Gardenvisit.com The Landscape Guide

Roman Sacred Groves see also

Sacred Gardens

Rome drew massively upon Greece but much was changed in the process and adapted to local circumstances. Some of the contact with Greece came via the Etruscans, who made temples not unlike Greek temples but built in wood. None survived but there is a reconstruction in the garden of the Villa Giulia.

Roman religion centered on awe (religio), dutifulness (pietas) and spirits (numina). Together, they established a basis for relationships between family and state, codified in Roman law. Spirits were associated with places (homes, rivers, woods streams) and worshiped. Contact with Greece led to an identification of local gods with Greek gods and to the building of Greek-style Roman temples. Yet Roman religion remained more people-centric and shrines were built more in gardens and towns than in the countryside. The first shirine in Rome itself is said to have been in the Roman Forum. The courtyards of Pompeiian houses frequently have family shrines and there is a sacred grove with a grotto in the garden of Hadrian's Villa at Tivoli.
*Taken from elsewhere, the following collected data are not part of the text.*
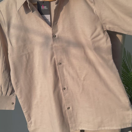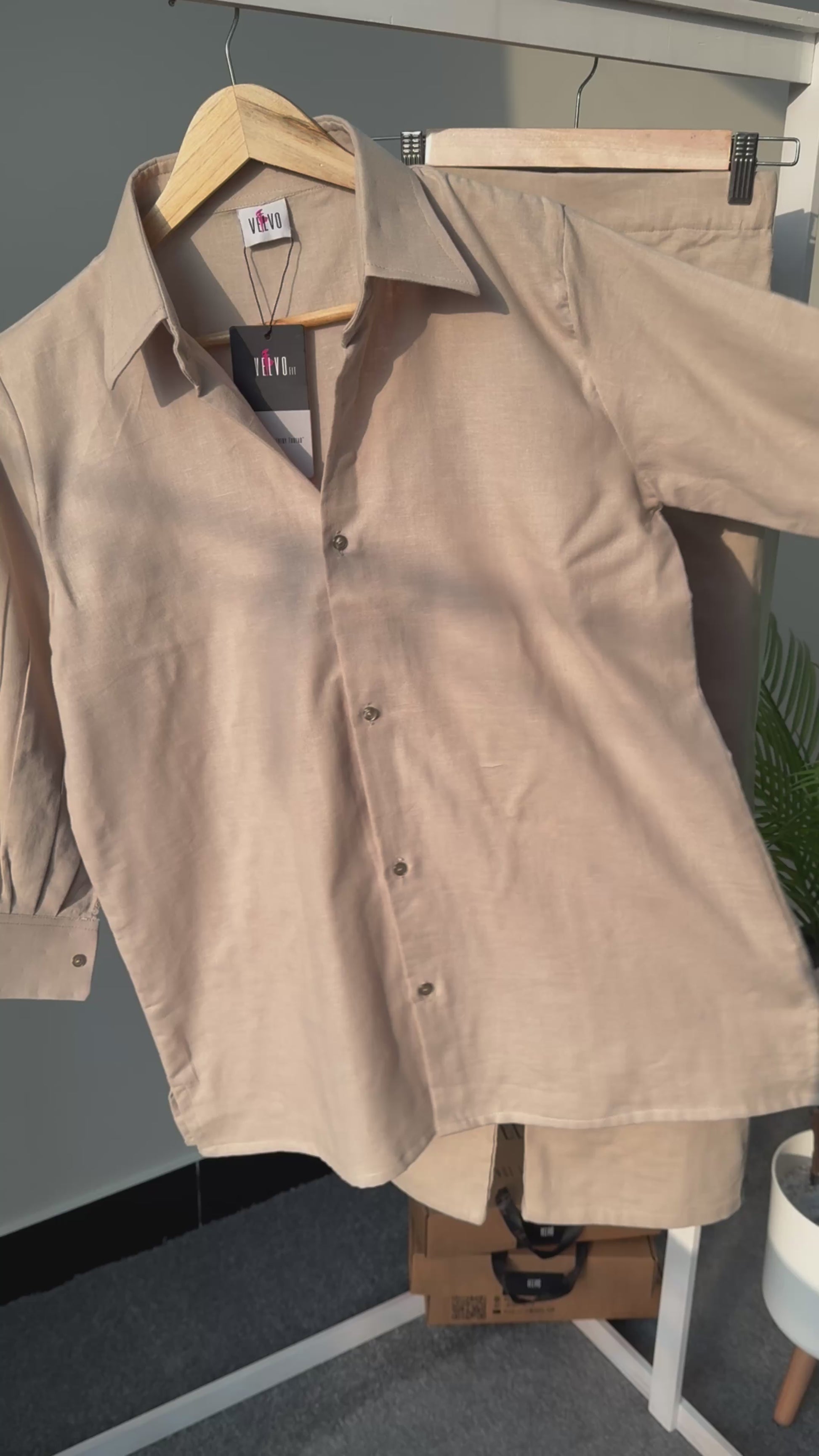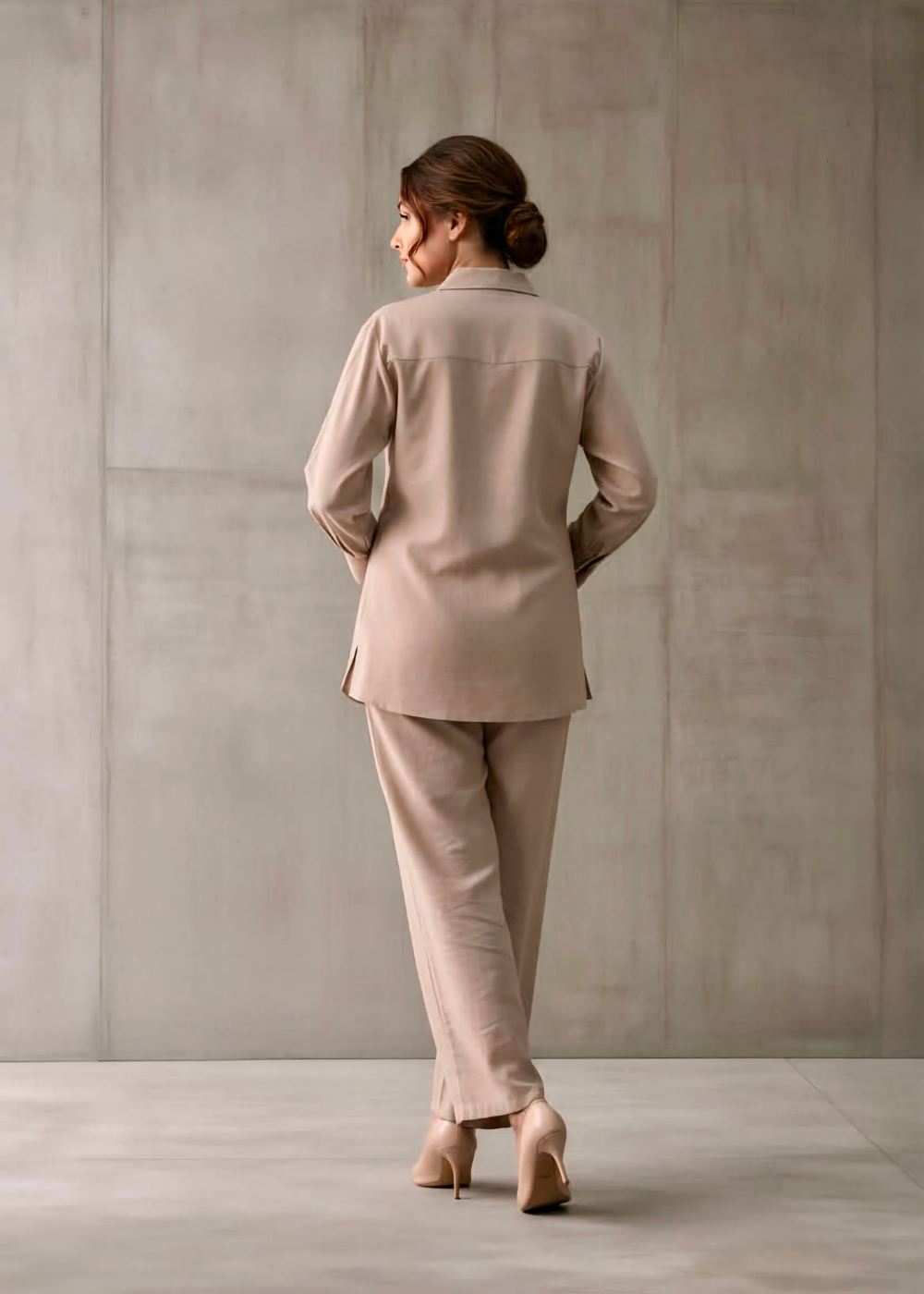 Co-ord set with imported soft winter slightly textured cotton with soft beige nude sand tone colourgives modern vibe.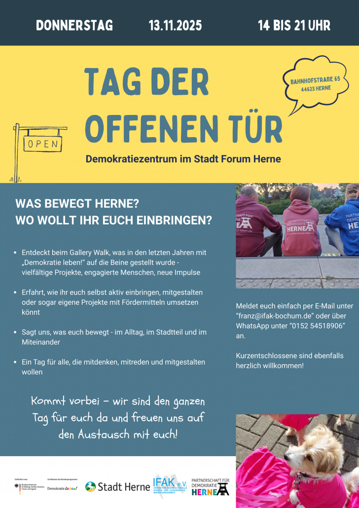 Am Donnerstag, 13. November 2025, von 14:00 Uhr bis 21:00 Uhr öffnen wir die Türen des Demokratiezentrums im Stadt Forum Herne (Bahnhofstraße 65, 44623 Herne).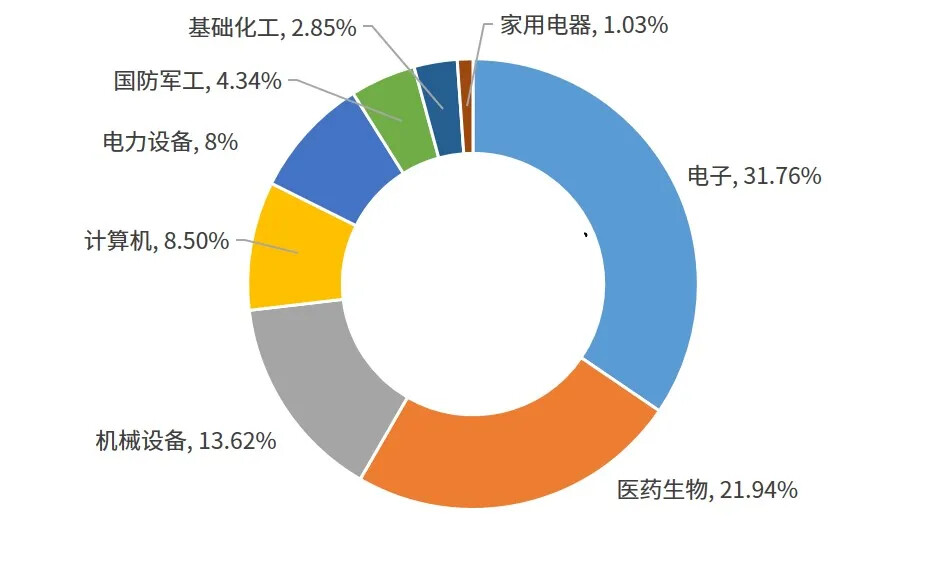 在行业结构上,目前科创200的前三大行业分别为电子(31.76%)、医药生物(21.94%)与机械设备(13.62%),权重合计占比67.32%;若再加上计算机(8.50%)与电力设备(8.00%),前五大行业合计占比为83.82%。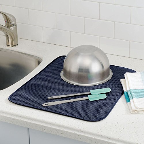 IDesign iDry Tappetino lavello, Grande e sottile tappetino cucina in poliestere per asciugatura veloce delle stoviglie, blu/bianco
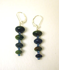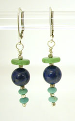 Lapis, Gaspeite and Turquoise. Made to go with the Apples and Summer skies bracelet and necklace. Sterling silver French ear wires.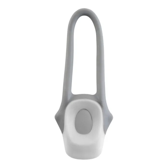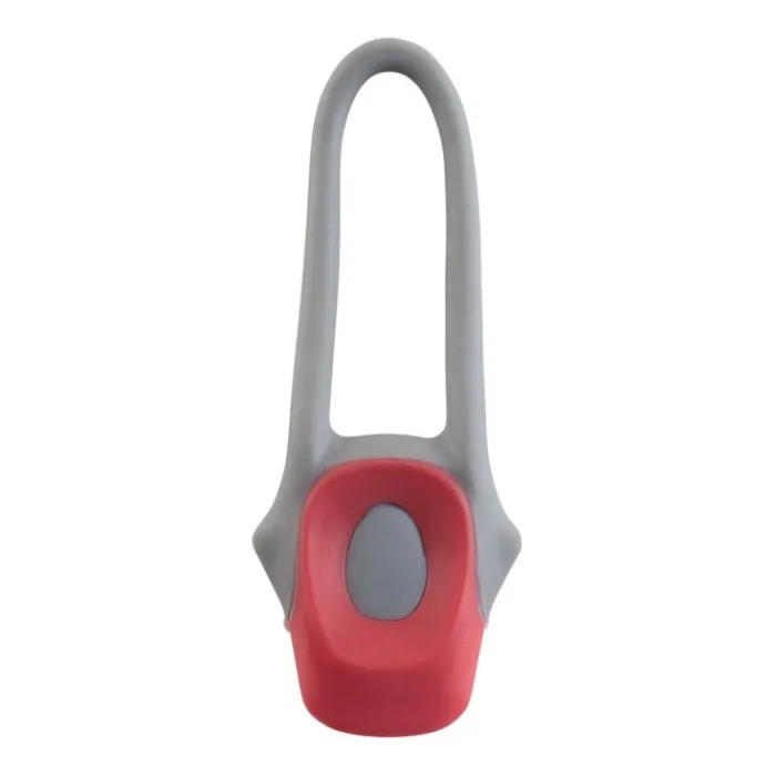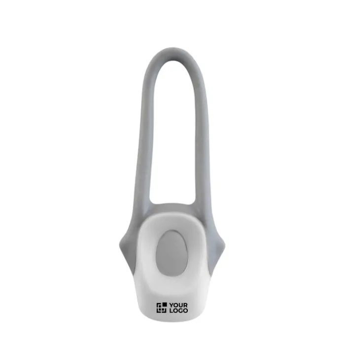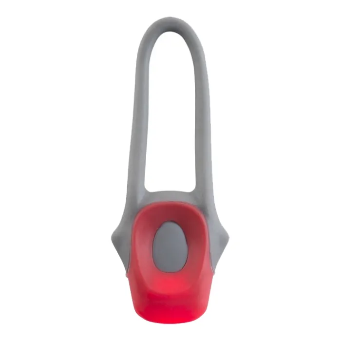 Luce per bicicletta in plastica con 2 LED e cinturino in silicone per fissaggio. Luce fissa e ad intermittenza. Pulsante on/off. Batterie incluse.

Being superstitious people, the Romans wanted to make offerings to local gods wherever they went. If the spirit of a locality did not have a name it was called the 'spirit of the place' or genius loci Calpurnius Siculus, for example, wrote: ‘Tum caespite vivo pone focum geniumque loci Faunumque Larsque salso farrre voca’ (Then set up a hearth of living turf and summon Faunus and Lares and the genius of the place with an offering of salad meal). There was a shrine to Faunus on the Tiber Island.